Concurrent decryptions of the same peer raced ratchet state
(manifested as sporadic "Failed to decrypt — wrong key or tampered
data" under load — surfaced once concurrent uploadDirectory pumped
many writes in flight). Encrypt was already serialized via
Shade.send's encryptChains; decrypt is now serialized at the
manager layer too.
@shade/streams extension
- StreamMetadata.userMetadata?: Record<string, string> for
application-level key/value pairs that round-trip verbatim through
stream-init plaintext. Used by @shade/files for write/read
correlation; available to any consumer.
@shade/sdk extension
- Shade.files getter (lazy + memoized).
- BackgroundHooks.onPruneFiles + periodic timer (default 5 min) +
BackgroundTasks.setHook(name, fn) for runtime hook registration.
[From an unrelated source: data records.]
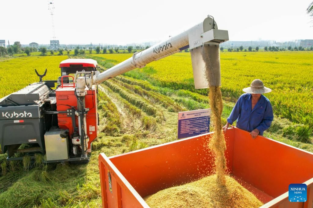 | 15 اکتوبر 2025۔صوبہ جہ جیانگ کی ڈی چنگ کاونٹی کے قصبے شن 'آن میں کسان چاول کی فصل کو ہارویسٹر کی مدد سے کاٹ کر ٹرک میں لاد رہے ہیں ۔ ( یاو ہائے شیانگ /شنہوا) |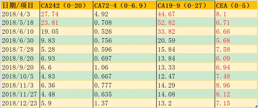 2018-12-22再入院,予卡培他滨 1.0g p.o. B.i.d D1-14,曲妥珠单抗 264mg i.v.D1。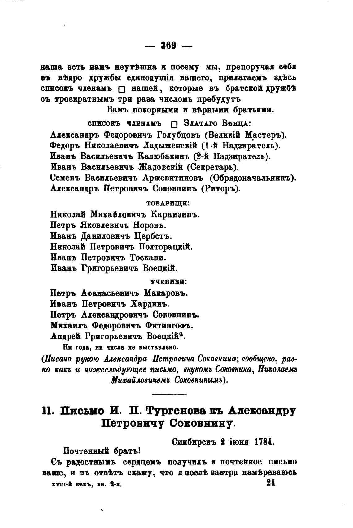 11. Письмо И. П. Тургенева въ Адевсандру
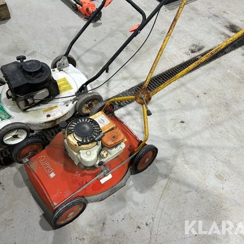 Två gräsklippare med kraftfulla motorer som kan användas som reservdelar eller om man fixar de mindre problemen de har, kan man ha två mycket bra gräsklippare Självgående.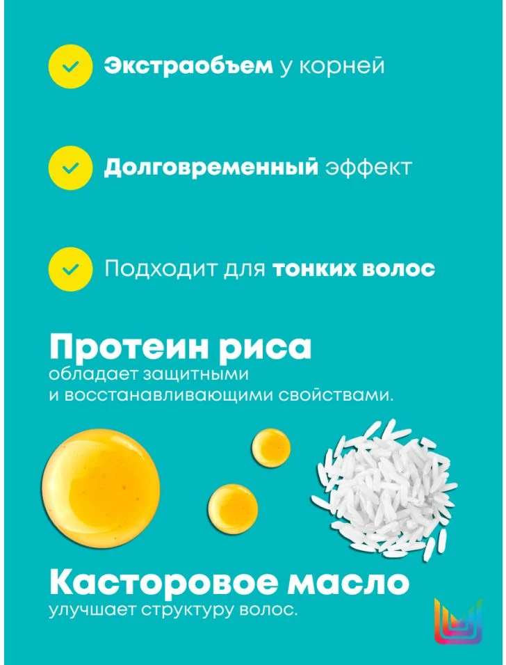 | Плюсы: | Даёт объем, не склеивает волосы, не утежеляет |

Bundles in-flight 0.2.0 work
- packages/shade-streams/, packages/shade-transfer/, related
shade-sdk streams-bridge + shade-widgets transfer hooks were
uncommitted prior to this session. Including them keeps the
workspace consistent at 0.3.0 since @shade/files depends on them.
Tests
- 74 new tests in @shade/files (572 → 646 workspace pass; 0 fail;
3× stable). Coverage spans unit (inline-threshold + concurrency),
integration (read-write inline + streams up to 1 MiB, walk +
upload/download directory, custom-op, metrics, SDK namespace
end-to-end), and security (tampered-envelope sig verification,
replay window, fingerprint gate, rate-limit + quota).
Release artifacts
- All packages bumped to 0.3.0 via scripts/bump-version.ts.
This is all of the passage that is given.